El coronavirus ha llegado atacando el cuerpo, sin discriminación, para activar la mente y despertar el alma; no se sabe, con precisión, cuál es su origen, ni la medicina para erradicarlo. Demuestra que lo material importa poco; los millonarios, tampoco podrán comprar la medicina segura para erradicarlo, ni podrán divertirte ni viajar tranquilamente, mientras la pandemia este en el ambiente. Ha revuelto la sociedad en todos sus aspectos.
Parecería que vino a darnos importantes lecciones; demuestra que los grandes males atacan sin importar la clase social; que para combatirlos se necesita esgrimir valores morales, principios y la unión de todos; por tanto, debemos pensar y ayudar al prójimo; de nada vale que te cuides, si no cuidas al chofer, la empleada, al asistente, etc.
Todos somos posible fuente de contaminación. Esta pandemia nos pone contra la pared para que nos auto conozcamos y valoremos las personas del entorno, fomenta la solidaridad, la igualdad.
Los gobernantes del mundo buscan fórmulas para erradicarla, pero, lamentablemente, se han concentrado en el cuerpo: “la vacuna, distancia, mascarilla, confinamiento, lavar las manos”; han descuidado la mente, el alma, el espíritu de la población. Se están enfermando. Urge que dinamicen adecuadamente, las iglesias, psicólogos, psiquiatras, educadores, etc.., para atender la salud mental, el comportamiento, la paz espiritual.

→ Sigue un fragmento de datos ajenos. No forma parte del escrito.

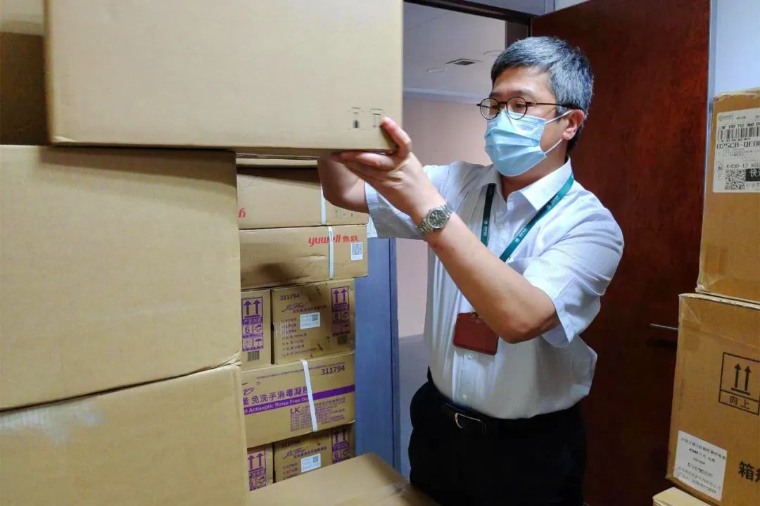 每天早上8点我去给大家领早饭,尽量多拿些高蛋白的食物,提高免疫力。保洁师傅晚上下班后,我会在夜里12点对办公室增加一次消杀,尽量减少班组继续“减员”的可能。还有矿泉水、消毒液,我一箱箱地扛……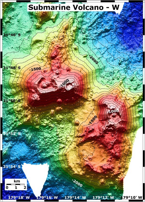 The images below are of two submarine volcanoes along the Kermadec Arc, northeast of New Zealand. Click on them for a bigger version.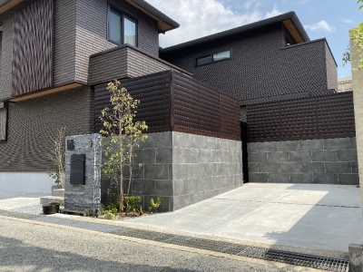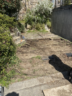 先日に引き続き、尼崎市のオープン外構のご紹介です。 ここは駐車スペースです。 ピンコロ目地を設置して、ワイヤーメッシュを敷いているところです。 オープン外構ですが、庭と前回ご紹介したデッキ部分はクローズになっています。 内側から見た仕上がり写真です。 庭とデッキは、外から見えないプライベート空間になっています。 樹は、イロハモミジ、ソヨゴ、アオダモ、ヒメシャラなどです。 「季節を感じたい」と落葉樹もたくさん入れていただけました。 外...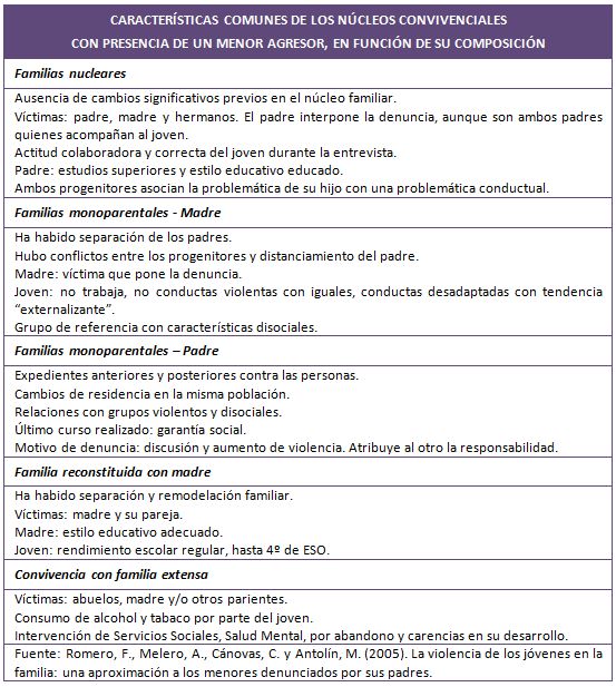 En un estudio realizado por Romero y cols. (2005) se halló que el 56% de los jóvenes denunciados por conductas violentas hacia sus padres, vivía en organizaciones familiares diferentes al núcleo familiar originario. A través de análisis multivariados, encontraron asociaciones que permiten establecer características comunes en cada núcleo convivencial: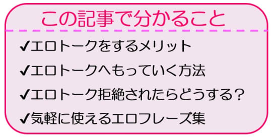 エロトークが苦手な人や、どうやって女性とエロトークに持ち込めば良いかわからない人は参考にしてください。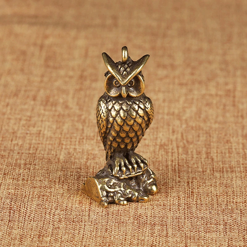 Retro cobre Animal té mascota Retro latón búho adornos estatuas en miniatura decoraciones de escritorio decoración artesanía llavero colgante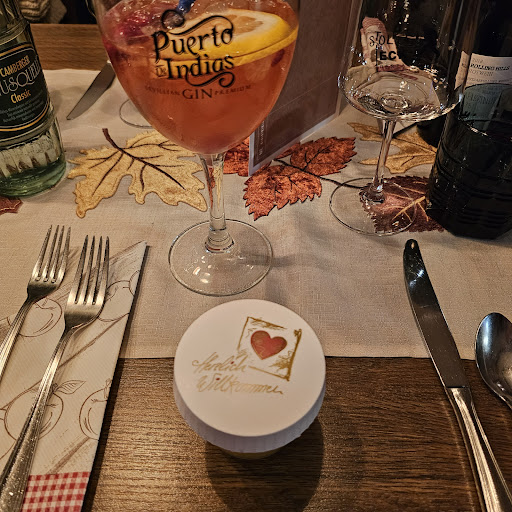Wir wurden sehr herzlich von der Chefin empfangen. Wir hatten Tisch 3 und der war schön eingedeckt für unser bevorstehendes Gänse Menü.

Es el momento de recordar que de nada vale tener riquezas materiales si estamos presos y no la podemos disfrutar. Esta pandemia cierra muchas puertas, empresas, escuelas, etc.., confundiendo la mente, deprimiendo, especialmente los más débiles.
Son muchos los que se preguntan qué hacer en el día; niños y jóvenes agotan la creatividad, se desesperan, actúan fuera de sí. Urge que los gobernantes, no solo busquen la vacuna y hablen de mascarilla, distanciamiento y lavar manos, sino que recurran a profesionales de la conducta, psicólogos, teólogos, etc., para que a través de los medios de comunicación ayuden la población a entender los mensajes y consecuencias que se desprenden de esta pandemia; que las iglesias se
abran como los supermercados y llenen el espíritu de fe; que los artistas, con su música, despierten sentimientos.
A mi juicio, el coronavirus vino a dar una gran lección a la humanidad: vino a pellizcar el cuerpo para que se atienda el alma; habla de igualdad, cuando arropa con el mismo manto a ricos y pobres; cuando atrinchera la economía, la educación, la justicia, la diversión, las actividades sociales, sin privilegio; cuando confina en el hogar, obligando a tomar las riendas en la educación de los hijos.
El coronavirus, indiscutiblemente, provoca el encuentro intimo consigo mismo, invita a revisar si la conciencia está tranquila, si no hay temor a la soledad.
Parecería que esta extraña plaga que sacude el mundo, más que atacar el cuerpo, tiene como misión enseñarnos a valorar el alma, lo espiritual, la paz interior, la tranquilidad de conciencia; enseña a valorar y amar más al prójimo, invita a aumentar la fe en Dios.